Visceral fat generally occupies 10 ~ 20 % of body fat and visceral obesity is assessed based on
the indicators below.
- the cross sectional fat area between L4 ~ L5 is 100 cm
2
and over
- the visceral fat to subcutaneous fat ratio is 0.4 and over
- the waist to hip ratio (W.H.R.) is over 0.9 (male) / 0.85 (female)
- the circumference of waist is over 102 cm/45 inches (male) _ 88 cm / 35 inches (female)

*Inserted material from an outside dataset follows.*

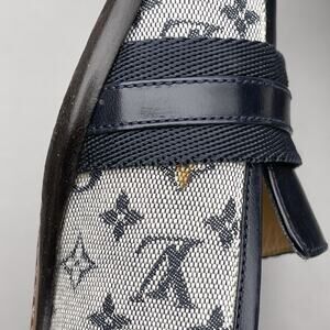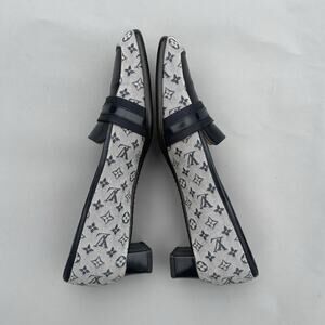 Elevate your fashion game with these stunning Louis Vuitton mules in a beautiful combination of navy and grey. Crafted from high-quality leather and fabric, these mules are a perfect addition to any stylish woman's shoe collection. The monogram pattern adds a touch of elegance and sophistication, making these mules perfect for any occasion.

Visceral fat increases after 30s in men and after Menopause in women. It is more common in
men than women and the old than the young. Visceral fat tends to increase with aging. Because
the combustion rate per minute of visceral fat is higher than that of subcutaneous fat, visceral fat
can be easily reduced by exercise or dietary control in case of abdominal obesity. W.H.R. is the
ratio of waist to hip circumference and has relation to one’s figure.
6. Segmental Analysis
This device analyzes soft lean mass and mass of body fat of five body parts; trunk, right arm, left
arm, right leg, and left leg. This function can be used as an assessment tool to evaluate the result
of exercise or rehabilitation treatment.
7. Age Matched of Body
It is the estimated physical age of the subject considering body composition analysis result,
gender, and biological age. This is calculated by comparing the optimal body composition based
on the gender and biological age of the subject with the actual analyzed body composition. It can
be used to evaluate the subject’s health and body development.